Media release: Tuesday, 13 May 2008
An Aboriginal family, described in 1907 as 'half caste' in the terminology of the day, has left a trail of letters showing how such families were stuck between two worlds in the early 20th century.
Footprints, a book portraying the struggles of Lucy and Percy Pepper, has been published jointly by the National Archives of Australia and Public Record Office Victoria, both of which hold original records of the family's correspondence with bureaucracy over the years.
'These letters provide a different insight into Aboriginal history in Victoria,' said co-author Simon Flagg from the Koorie Records Unit, Public Record Office Victoria, who did most of the research for the book.
'A lot of people are unaware of the different policies that were in place for Aboriginal people in the 20th century. Footprints tells the story of a family battling their way through government policies and the impact of being defined as “half-castes” at the time.
'I was surprised to find as much historical information as I did.
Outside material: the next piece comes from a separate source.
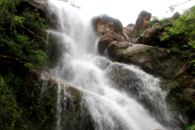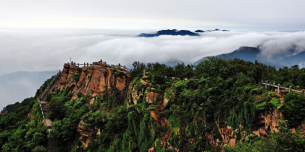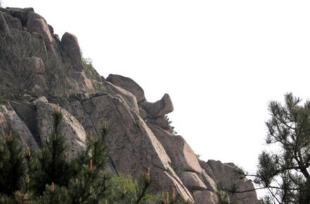 從遠處山腰眺望一線天,這里就是著名的八戒石.很像一個戴著僧帽的老豬在綠樹叢中呼呼大睡。一線天下面是花果山山名摩崖石刻,游客都愛在這里留影,青山紅字,非常壯麗。這里還有天然碑、硯石等景觀。沿小路前進可至墨香小徑,里面有百余位當代書法名家的作品刻在天然石塊上;還可至怪石園,看千奇百怪與《西游記》有關的象形石!吧瘛弊滞踉跂|部禿龍溝下,是刻在山體上的懷素草書“神”字,長39.4米、寬15.8米,為世界上最大的單體漢字,1996年被載入吉尼斯世界紀錄。 登上玉女峰是花果山之游的高潮,有緣的人在這里可看到云臺山兩個最為精彩的景致。一個是在迎曙亭看海上日出;另一個是看云臺鋪海,白云翻滾好像海水揚波,露出來的峰頂就像大海里的蓬萊仙島,群山俯伏,阡陌縱橫,此情此景令人有飄飄欲仙的感覺。
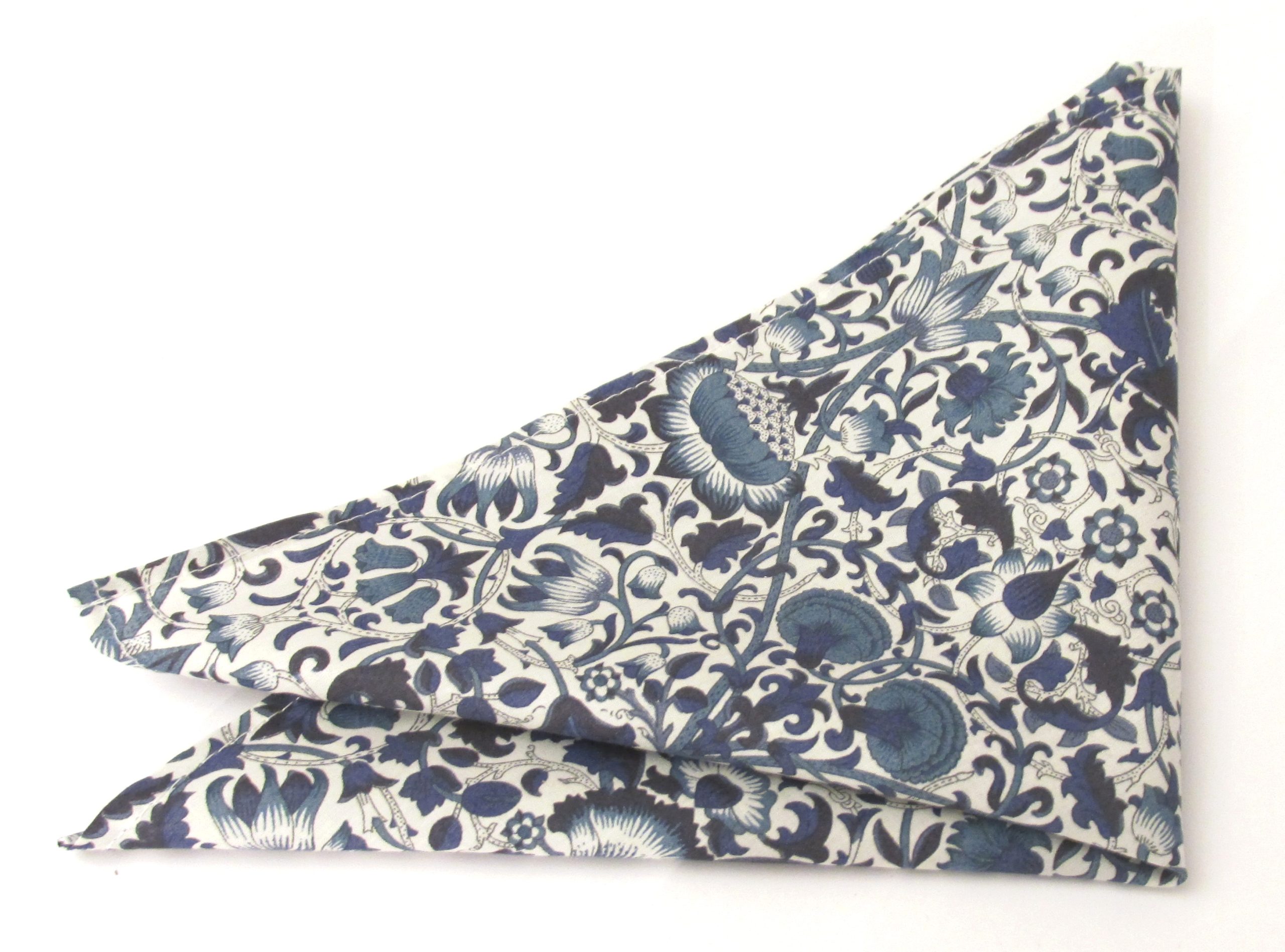 Lodden Navy Cotton Pocket Square Made with Liberty Fabric

This family's story demonstrates that there are unexpected rewards for researchers who broaden their scope when tracking down Aboriginal history. Percy Pepper had served in World War I, had received a soldier settler's block, owned a bike store and written letters to the Premier of Victoria, all of which left a paper trail in archives.'
As well as brief chapter introductions, the book contains transcripts of the letters to, from and about the Pepper Family. Among various aspects of the family's life, the letters show Lucy Pepper's long battle with tuberculosis and her request to live with other family members on a mission. But she was denied this natural wish because 'half-caste' Aboriginal people were excluded from the missions.
'I decided to record Lucy and Percy's story in this format as I didn't feel that summarising their letters in a narrative could do them justice,' said Simon Flagg. 'This allows people to make their own minds up about the history rather than me or anyone else interpreting it.
'I hope the book motivates other Aboriginal people to trace their family history by showing them the sorts of records you can find in the national and state archives. And I'm sure there are people who would like to know more about Aboriginal history in Victoria and what happened on Aboriginal reserves.'
He also believes the book, with its transcripts of original letters, will be an invaluable historical resource for university and school students.
Rita Watkins, a descendent of Percy and Lucy, provided photographs and family stories for the book.
Footprints: The Journey of Lucy and Percy Pepper by Simon Flagg and Dr Sebastian Gurciullo is published by the National Archives of Australia and Public Record Office Victoria, with support from Aboriginal Affairs Victoria through the Stolen Generations Victoria Ltd. It is available at $10.00 from the National Archives shop and Public Record Office Victoria.